TRex is a powerful DPDK based traffic generator which is capable to generate dozens of millions of packet per second. It can easily achieve line rate with 10 Gbit cards by sending 64 byte frames from 4 CPU.
TRex sends 10 Gbit (14.8 millions of 64 byte packets) per seconds from NIC1, packets got received from NIC2, gets handled by the OS under test, which sends the packets to NIC3, and it finally the packets go back to TRex, which checks them and makes statistics.
With this setup, and PCI passthrough tests results became more stable and reproducible between different runs, so I assume that this is the correct way to do it.
Each test was repeated ten times, the graph line plots the average, while min and max values are reported with candlesticks.
First test is a software bridge. The two interfaces are bridged and packets are just forwarded.
The first thing that struck me, is that FreeBSD packet rate was substantially the same with one or 8 CPU. I investigated a bit, and I’ve found it to be a known issue: bridging under FreeBSD is known to be slow because the if_bridge driver is pratically monothread due to excessive locking, as written in the FreeBSD network optimization guide.

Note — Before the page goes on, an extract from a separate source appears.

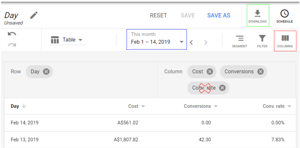 Once in the report (screenshot below), select the “columns” button (red box), then remove all columns except “Cost” and “Conversions.” Then select a date going back one year from today (blue box). lastly, download the report as an “excel .csv” file (green box).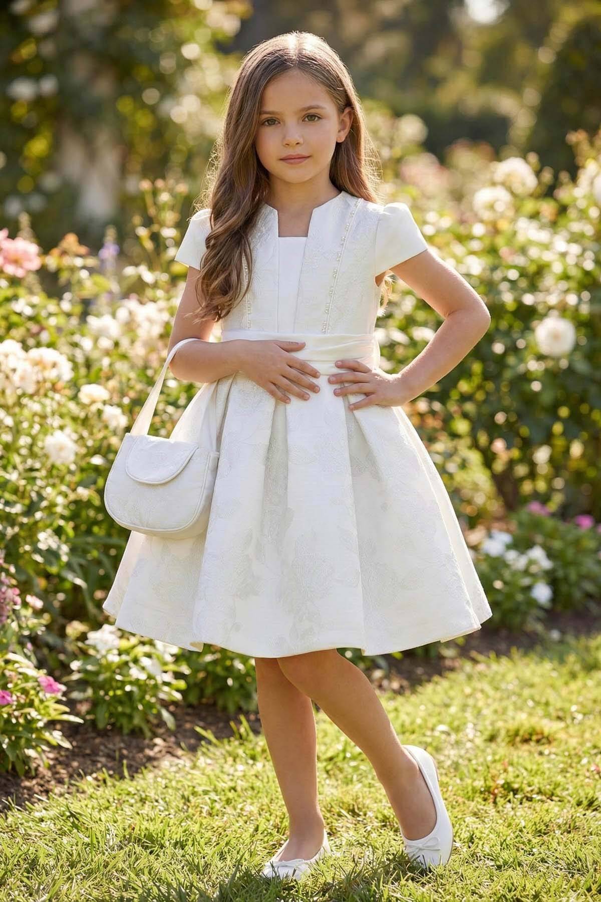 Elegant Jacquard Dress with Matching Purse – 2 Piece Set (3–7 Years):

The second thing that I noted is that when running a test on a single core FreeBSD guest, the system freezes until traffic is stopped. It only happens to FreeBSD when the guest has only one core. Initially I tought that it could be a glitch of the serial or tty driver, but then I ran a while sleep 1; do date; done
loop, and if it was just an output issue, the time wouldn’t freeze. I looked in all the sysctl to find if the FreeBSD kernel was preemptible, and it is, so I can’t explain what is going on. I made an asciinema which better illustrates this weird behavior.
Second test is routing. Two IP adresses belonging to different networks are assigned to the interfaces, and the TRex NIC4 address is set as default route. TRex is sending packets to the first interface and packets are forwarded.
When talking about L3 forwarding both OS scale quite well. While achieving more or less the same performances with a single core, Linux does a better job with multiple processors.
Third test is about firewall. The setup is the same as the routing test, except that some firewall rules are loaded in the firewall.
The rules are generated in a way that they can’t match any packet sending from TRex (different port range than the generated traffic), they are here only to weigh.
We know that both OS have two firewall systems, Linux has iptables and nftables, while FreeBSD has PF and IPFW. I tested all of them and in the graph below I report performances for iptables and IPFW because they resulted faster than the other two solutions.
As said before, I deliberately omitted the nftables and PF numbers to avoid confusion, if you want to have a look to the full numbers, here there are the raw data.
Conclusions
Both OS performs well, being able to forward more than 1 million of pps per core, which lets you achieve the 10 gbit line rate with 1500 byte frames.
FreeBSD scales relatively well with core numbers (except in bridge mode which is kinda monothread), but Linux does a near perfect job using all the power of a multicore system. The same applies to firewalling, where we can see that a large firewall ruleset can disrupt the performance of both kernels, unless using tricks like fastpath and HW offloading.
About me
I have been working in Red Hat for a year, but I have been collaborating to the Linux kernel and a lot of other open source software for 15 years. I used FreeBSD in production back in 2008 and I ported one of my programs to the FreeBSD ports.
I love open source in general, I’m a FSFE supporter and I’m all against DRM and proprietary software.